Return each line of the data below verbatim; pictures are to be left out.

_Data section:_
--*--

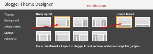 Untuk Layout, pilih yang dua kolom dan satu footer.
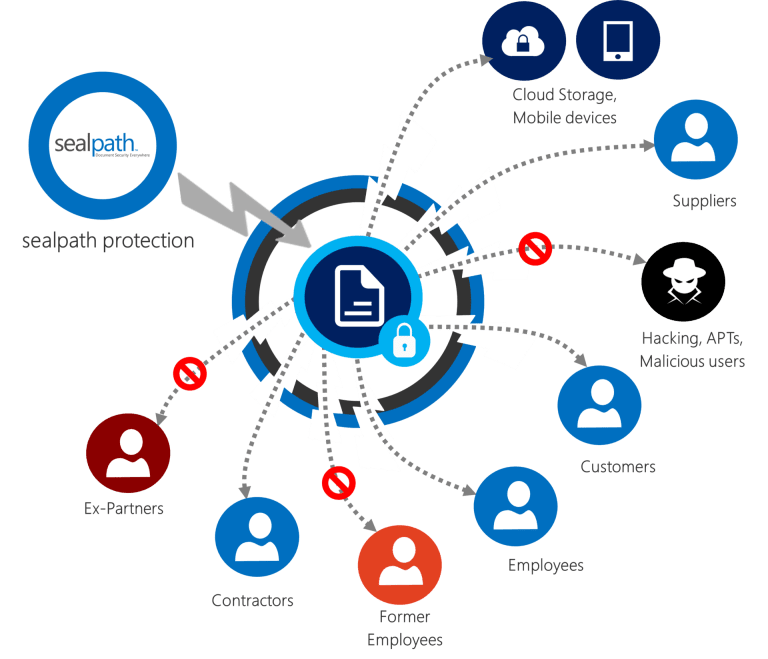 SealPath protection accompanies the document both on your network and on customers’ or partners’ networks, in the cloud (e.g. Box, Dropbox, etc.) or on a mobile device. It controls who accesses the data, when and with what permission (read only, edit, print, copy and paste, etc.). You can see the details of accesses to the document and if anybody has attempted to gain access without permission. If you cease to collaborate with the holder you can block or delete the document so that it is inaccessible to that user or anyone else.
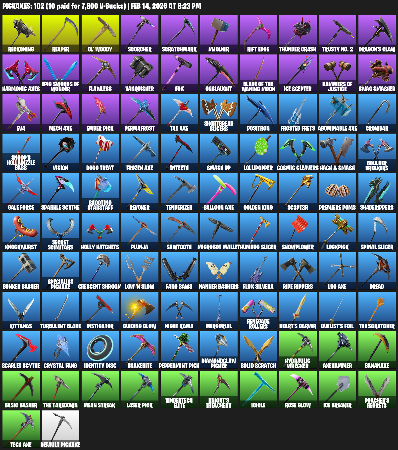 Reckoning, Ol’ Woody, Scorcher, Scratchmark, Mjolnir, Rift Edge, Thunder Crash, Trusty No. 2, Dragon’s Claw, Harmonic Axes, Flawless, Vanquisher, Vox, Onslaught, Ice Scepter, Hammers of Justice, Swag Smasher
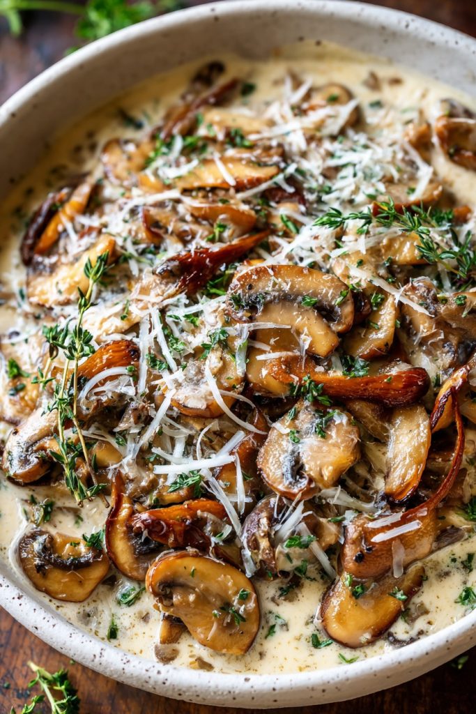 - The final addition of heavy cream and Parmesan creates a luxurious, velvety texture that coats each mushroom slice in pure indulgence

--*--

_Your response:_
 Untuk Layout, pilih yang dua kolom dan satu footer.
 SealPath protection accompanies the document both on your network and on customers’ or partners’ networks, in the cloud (e.g. Box, Dropbox, etc.) or on a mobile device. It controls who accesses the data, when and with what permission (read only, edit, print, copy and paste, etc.). You can see the details of accesses to the document and if anybody has attempted to gain access without permission. If you cease to collaborate with the holder you can block or delete the document so that it is inaccessible to that user or anyone else.
 Reckoning, Ol’ Woody, Scorcher, Scratchmark, Mjolnir, Rift Edge, Thunder Crash, Trusty No. 2, Dragon’s Claw, Harmonic Axes, Flawless, Vanquisher, Vox, Onslaught, Ice Scepter, Hammers of Justice, Swag Smasher
 - The final addition of heavy cream and Parmesan creates a luxurious, velvety texture that coats each mushroom slice in pure indulgence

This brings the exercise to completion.